Recently more than 200 academics published an open letter in support of the demands for an economic system that abandons growth as its central objective, writes Francine Mestrum from Global Social Justice. In the European Parliament a major conference was organized on ‘post-growth’ and the European Trade Union Confederation held a ‘post-conference’ on the same topic.
The open letter contains many statements that can be questioned, since it is obvious that not all economic growth destroys nature. Care work, translations, insurances or gardening are but a few examples of economic activities that lead to growth without being destructive. If the unpaid household work of women were integrated into Gross Domestic Product, it would lead to 30 % growth … Destructive? Or evidence of the inadequacy of GDP as an indicator? While all of us can support the demand for measures accelerating the ecological transition, the demands for de-growth or zero growth are not so convincing. Many activities, especially in the service sector, lead to growth and are not damaging for the environment.
The positive element in the set of arguments heard at these meetings was that most speakers insisted on the necessity of striving for both environmental AND social sustainability.
The problem though is not growth as such but the economic and industrial system. The many references to thermodynamics and the thesis of Georgescu-Roegen confirm this. The dangers for the environment represented by industrialisation have been identified way back in the 19th and beginning of the 20th century by many socialist thinkers, but unfortunately they were marginalized.
And even extractive or manufacturing industry as such cannot be condemned. I guess that we will still want to have mobile phones tomorrow, which means we will still need the commodities to make them. I have difficulties in believing we can entirely stop building airplanes. Some production processes/products may be questioned, such as nuclear energy or space travel. Activities that are now very polluting can maybe become ‘clean’ with less damaging consequences for humans and nature. What this means is that we should not condemn growth as such but some types and ways of extractive output and overall production. We need a serious debate on what we need and want and what we do not need and want for the future. Gold mining is another good example: do we need so much gold that new mines should be explored or can the existing mines suffice for the limited needs we have? These are democratic and political choices to be made.
Secondly, we need to do some serious (re)thinking about our economic theories. There is no evidence at all for many of the concepts that are still in use today, such as the ‘homo economicus’, or ‘trickle down’ or ‘market efficiency’. We do indeed require other economic models. Kate Raworth has given a good example with her ‘doughnut economy’ of how the new reasoning might go. More generally, feminist economics also delivers new concepts and new insights that could be very useful for the economy of the future. The awareness is growing that production should never be de-linked from re-production. Economists, then, do have urgent work to do.

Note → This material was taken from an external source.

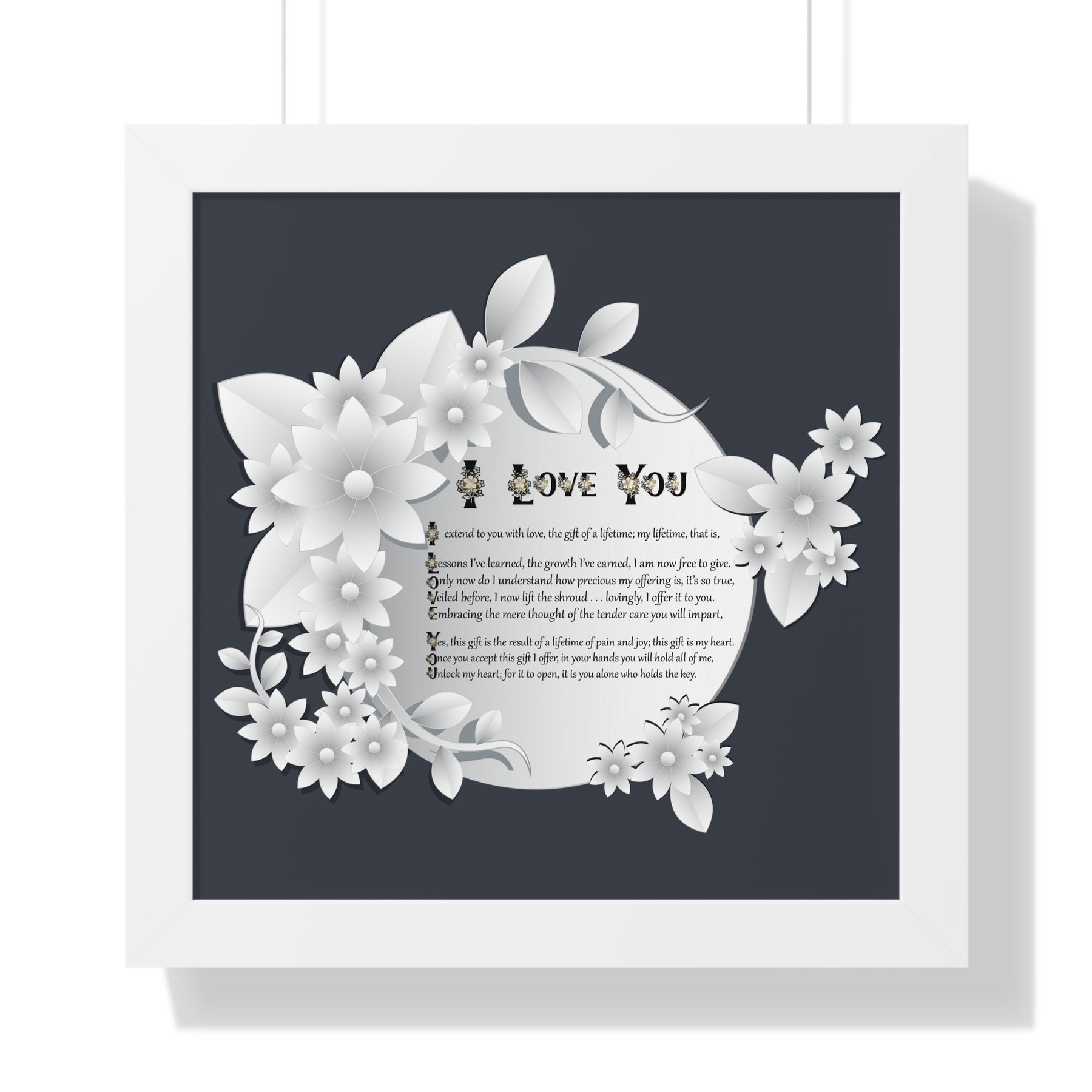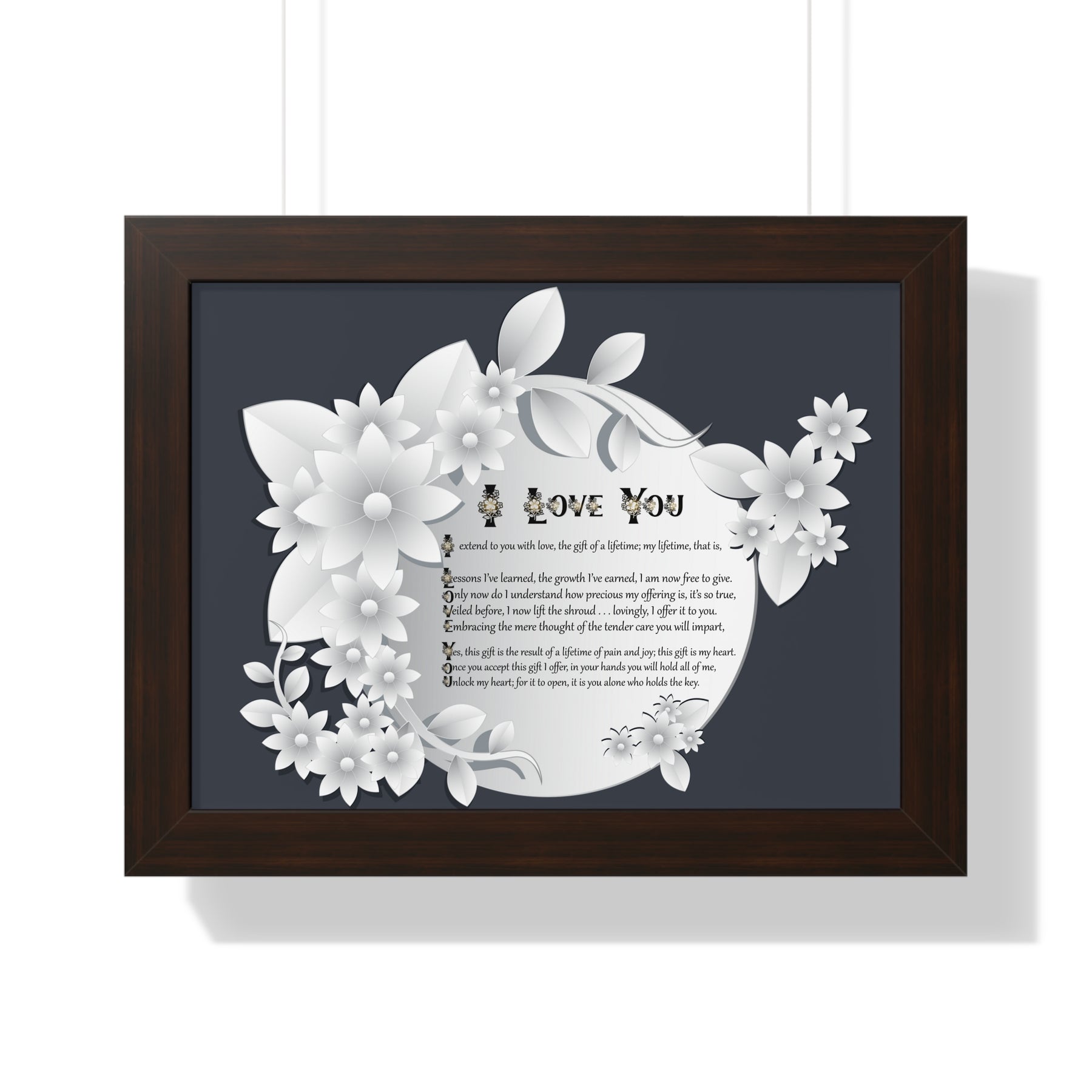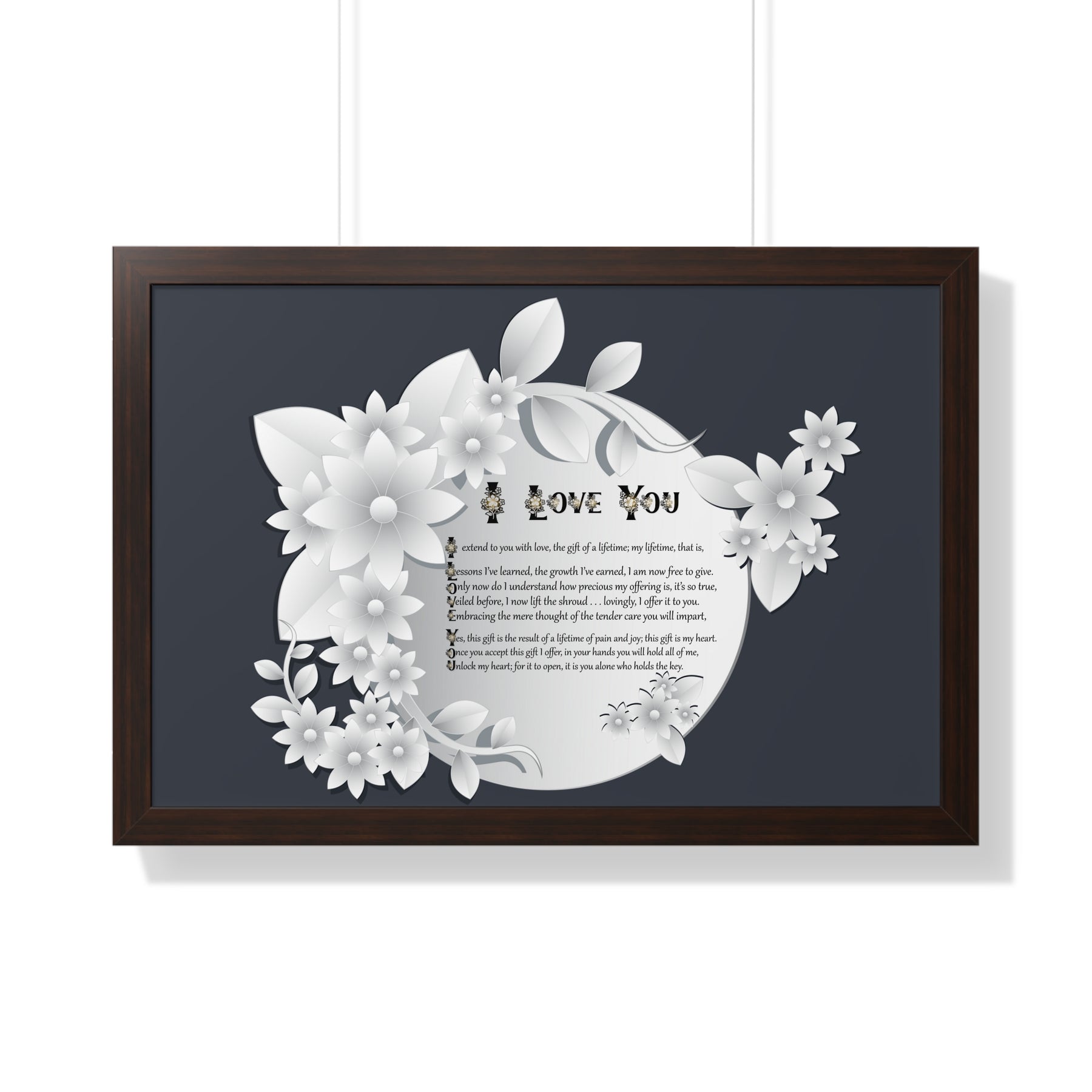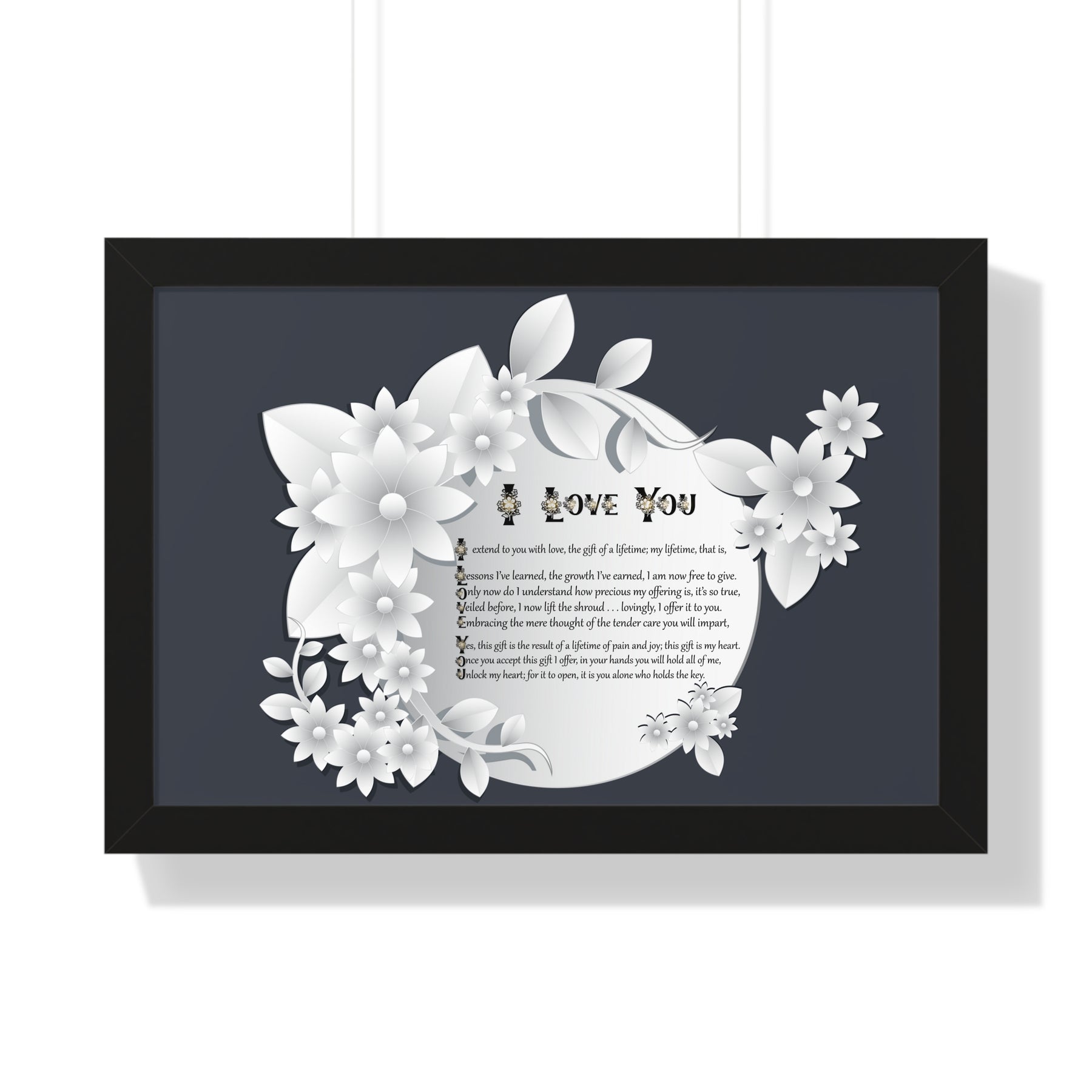 Your Sweetheart is going to love this acrostic poem print from Moments in Rhyme's It's Just a Phrase framed print collection. Check out the amazing font on this poem that spells out "I Love You. It's a heartwarming tribute to the special relationship you share with your beloved. Every time they see this print, they'll be reminded of your love and appreciation. And the graphic adds some artistic flare that will enhance any room.

Finally, ecologists never seriously consider the social consequences of their proposals. I think it is very difficult, if not impossible, to ask people constantly to be satisfied with less: less income, less consumption, fewer city-trips, fewer cars … This was the sobering statement of the head of ETUC, Luca Visentini: Today, workers are afraid, he said, because they live in a very unsecure situation. They are afraid of losing their jobs, afraid of robots, afraid of migrants becoming competitors. Workers are also angry because the institutions that normally protect them, have not done so in the recent past. Political parties and trade unions are criticised. ‘One third of our members’, Visentini said, ‘have already voted for the extreme right. Should I now address them and say we can no longer have economic growth?’ Will it help to make them come back to the progressive part of the political scene?
Putting the social first
That statement could lead to pessimism. But what if we turn the reasoning around, as the World Bank did some years ago? Where the Club of Rome in 1972 said growth should be stopped if we want to save the planet, the World Bank said we should protect the planet – and humankind – in order to be able to continue to grow! (see also here). We could say that instead of looking at how we can equitably share the burden of the ecological transition, we can start with social policies in order to save the planet – and humankind.
The best example is housing: a serious public investment in environmentally-friendly housing can help humans and the planet. Preventive health policies can require the end of some toxic pesticides in agriculture or the use of dangerous chemicals at the workplace. Allowances can be given to start-ups for activities that promote the ecological transition. Public transport can be developed.
There are thousands of possibilities to show that not only the man in the street but transnational corporations as well can be reached with well thought out social policies.
The most important advantage is that it leads to a positive message of ‘more’ for people instead of the moral message of ‘less and less’ that people do not want to hear.
In the same way as, a century ago, soup kitchens played an important role to convince people of the relevance of socialism, today, a positive social policy can convince them to help and save the planet.
We do not need then, to stop growth overall, but we need another economic model and a well thought out set of social policies. It is a concrete and positive alternative that will not make people afraid of the future but involve them in shaping it and making it sustainable.